Tokyo-listed stocks were buoyed by a softer yen and sentiment from Wall Street, where the benchmark S&P 500 equity index rose 0.8 per cent to a record close of 2,453 as the US tech sector rallied.
The Topix climbed 1 per cent, with telecoms, financials and the information technology sector all up more than 1 per cent.
Shares in Australia’s “Big Four” banks were lower a day after Moody’s cut its credit rating on the quartet and a handful of other domestic lenders, citing “elevated risks” in the household sector, ANZ was down 0.6 per cent, Commonwealth Bank fell 0.4 per cent, National Australia Bank dropped 0.6 per cent and Westpac lost 0.6 per cent. The benchmark S&P/ASX 200 down 0.4 per cent.
In Hong Kong the Hang Seng was flat as gains for tech and consumer discretionary stocks were offset by losses for the telecoms and consumer staples segments.

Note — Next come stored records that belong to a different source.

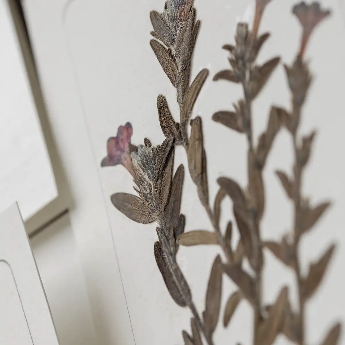 Las flores han sido recolectadas a mano y prensadas durante un mínimo de cuatro semanas, mediante presión continua y papel secante neutro, sin aditivos ni productos químicos.
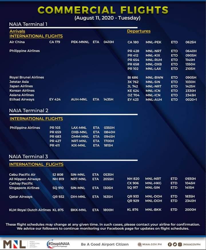 (Eagle News)–The Manila International Airport Authority has released its list of operational commercial flights for Tuesday, Aug. 11:
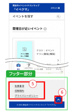 タップすると、それぞれ「免責事項」「投稿規約」「プライバシーポリシー」の各ページへ移動します。
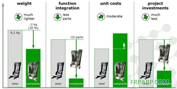 FuPro座椅靠背示范件的設(shè)計(jì):在一個(gè)一體化的輕量化結(jié)構(gòu)中整合了復(fù)合材料的空心型材、有機(jī)板材和注塑成型件
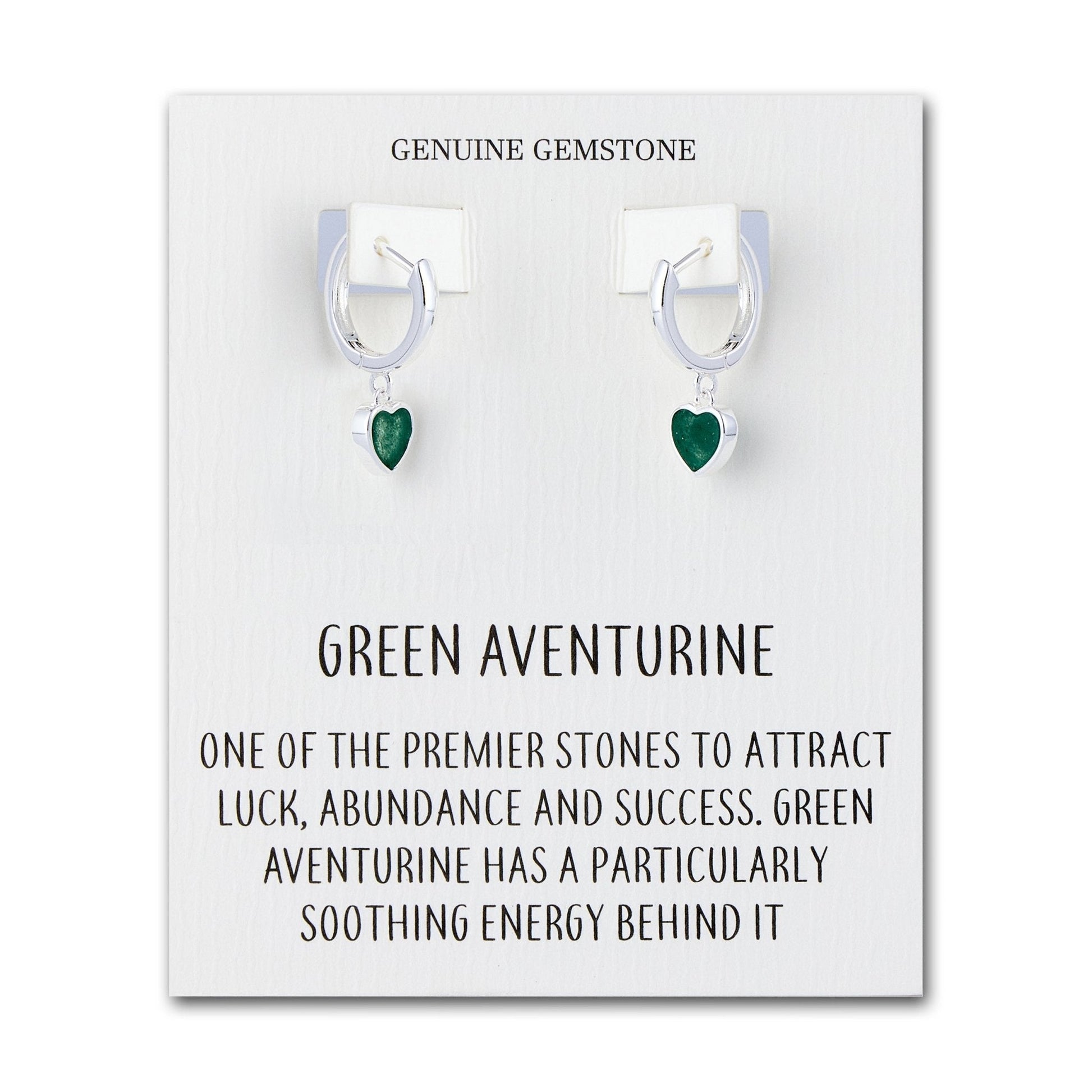 Green Aventurine Gemstone Heart Charm Hoop Earrings with Quote Card
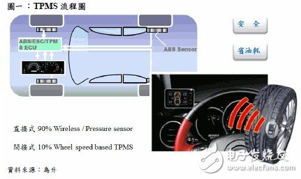 胎壓傳感器(Tire Pressure Sensor)是裝置于汽車輪胎內(nèi),可即時(shí)檢測(cè)輪胎的氣壓及溫度,并以RF方式將特定的通訊信息傳輸至車內(nèi)的接收器,駕駛者可以得知車胎目前狀況,以降低車禍發(fā)生機(jī)率,除了安全性外,由于TPMS平均可以提高2%左右燃油經(jīng)濟(jì)效率,降低二氧化碳排放,省油耗及環(huán)保,是各國(guó)立法推行TPMS列為標(biāo)準(zhǔn)配備的重要原因之一。
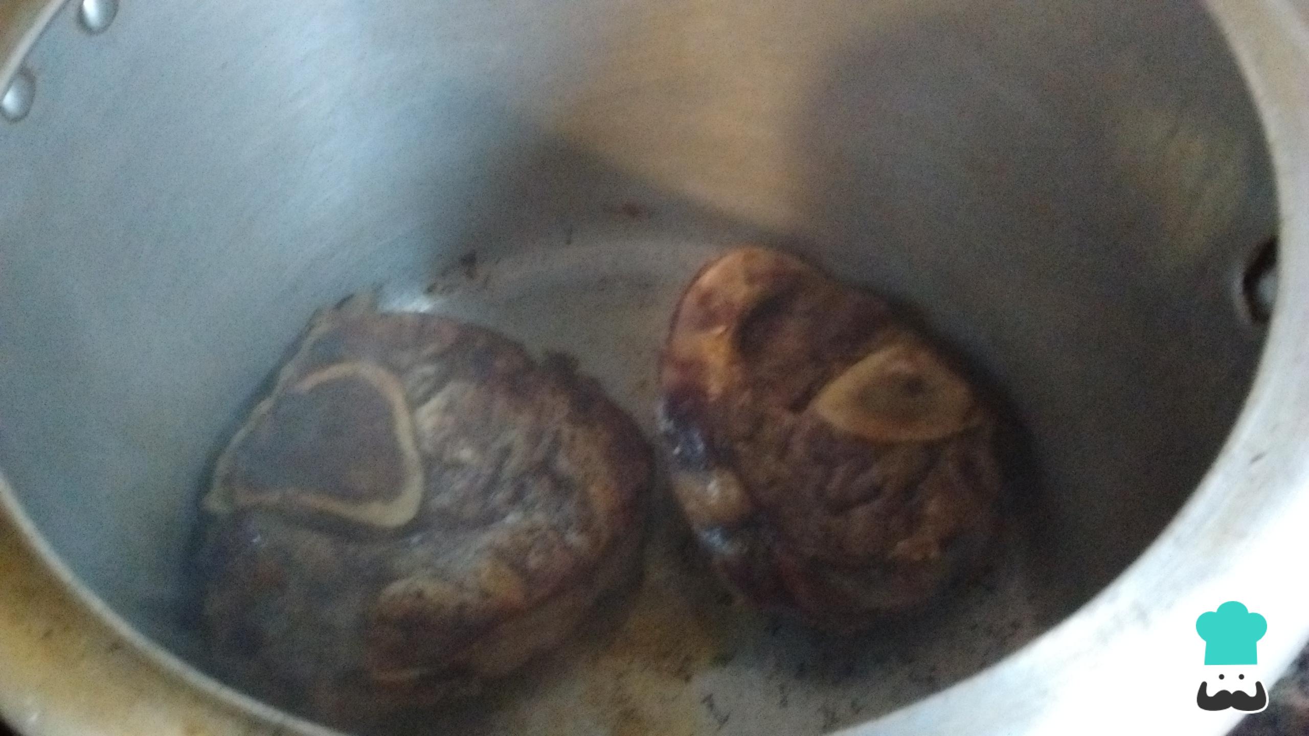 Calienta la olla a presión con 1 cucharadita de aceite. Cuando esté bien caliente, agrega las rodajas de osobuco y dóralas por ambos lados. Si haces más rodajas de las que entran en el fondo, haz este paso en etapas para que cada una se dore completamente. Aquí no buscamos cocinar la carne, solo dorarla.

Chinese equities were mixed ahead of MSCI’s decision on whether to include mainland stocks in its benchmark indices, with the Shanghai Composite off 0.1 per cent and the Shenzhen Composite up 0.3 per cent.
Foreign exchange markets were stable after an overnight rally for the US dollar. The Japanese yen was 0.1 per cent weaker against the greenback at ¥111.66, near its softest level in more than three weeks.

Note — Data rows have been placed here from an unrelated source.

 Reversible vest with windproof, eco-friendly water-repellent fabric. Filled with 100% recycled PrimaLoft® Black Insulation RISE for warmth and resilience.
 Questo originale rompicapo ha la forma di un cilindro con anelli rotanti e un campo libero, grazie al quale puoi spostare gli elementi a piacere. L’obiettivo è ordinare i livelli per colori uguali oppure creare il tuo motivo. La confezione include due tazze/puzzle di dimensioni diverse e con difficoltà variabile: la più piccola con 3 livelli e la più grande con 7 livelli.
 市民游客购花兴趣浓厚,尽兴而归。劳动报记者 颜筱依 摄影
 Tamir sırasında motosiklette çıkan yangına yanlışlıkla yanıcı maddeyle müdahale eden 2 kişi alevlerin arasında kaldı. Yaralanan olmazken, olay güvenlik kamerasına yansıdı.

The Australian dollar was off 0.1 per cent at $0.7589, while the South Korean won was down 0.4 per cent at Won1,137.98 per dollar.
The dollar index, which tracks the US currency against a basket of peers, was unchanged at 97.513.
Government bonds in the region were little moved. The 10-year Japanese government bond yield, which moves inversely to price, was flat at 0.048 per cent.
The yield on 10-year Australian sovereign bond was up 1 basis point at 2.414 per cent while the equivalent South Korea yield rose 1bp to 2.161 per cent.
The 10-year US Treasuries yield edge down 1bp to 2.181 per cent.
Oil prices were steady in Asia after slumping on Monday.
Brent crude, the international benchmark, was up 0.2 per cent at $47.02 a barrel after closing the previous session down 1 per cent.
West Texas Intermediate, the US marker, was up 0.1 per cent at $44.25 after shedding 1.2 per cent on Monday.
Gold was up 0.1 per cent at $1,245.36 per ounce.